March 18, 2016 - 10:30 AM

CRANBROOK, B.C. - Sixty habituated mule deer are reacquainting themselves with the backcountry after being moved out of four southeastern British Columbia communities.

The problem deer were caught in Kimberley, Cranbrook, Invermere and Elkford and relocated as part of project to save, rather than cull them.

Twenty-nine of the deer were fitted with tracking collars.

"There was one deer that was predated by a cougar fairly early on in the project," said senior wildlife biologist Ian Adams, whose employer, Vast Resources Solutions, monitors data from the collars.

"We recovered that collar and managed to put it out on a second deer from Elkford," he said.

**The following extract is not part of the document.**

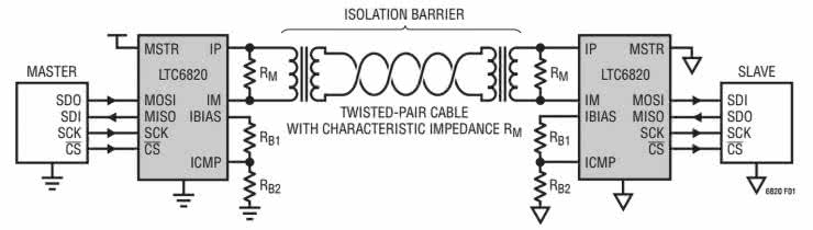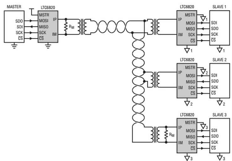 Ważną zaletą układu LTC6820 jest wykorzystywanie do realizacji, izolacji typowych transformatorów separujących (identycznych jak w kartach sieciowych PC) oraz kabla UTP jako medium transmisyjnego. Rozwiązanie z rysunku 3 jest szczególnie chętnie wykorzystane w przemyśle samochodowym, np. do monitorowania stanu wielu szeregowo połączonych akumulatorów za pomocą typowych przetworników A/C z interfejsem SPI, współpracujących z jednym procesorem monitorującym stan ogniw.

Details from the collars showed no deer had yet returned to urban areas, where their unpredictable behaviour could endanger humans and pets.

"There's a few individuals that have shown broader movements, which suggests a bit of wandering, trying to figure out where they are and what’s next for them," said Adams.

"For the most part, they've been doing fairly well. "They don’t appear to have moved onto any private lands and hopefully they'll stay out of trouble."

The project will determine if translocation is a humane solution to reducing habituated deer populations that have plaugued many B.C. communities and prompted culls on Vancouver Island and across southern and southeastern parts of the province.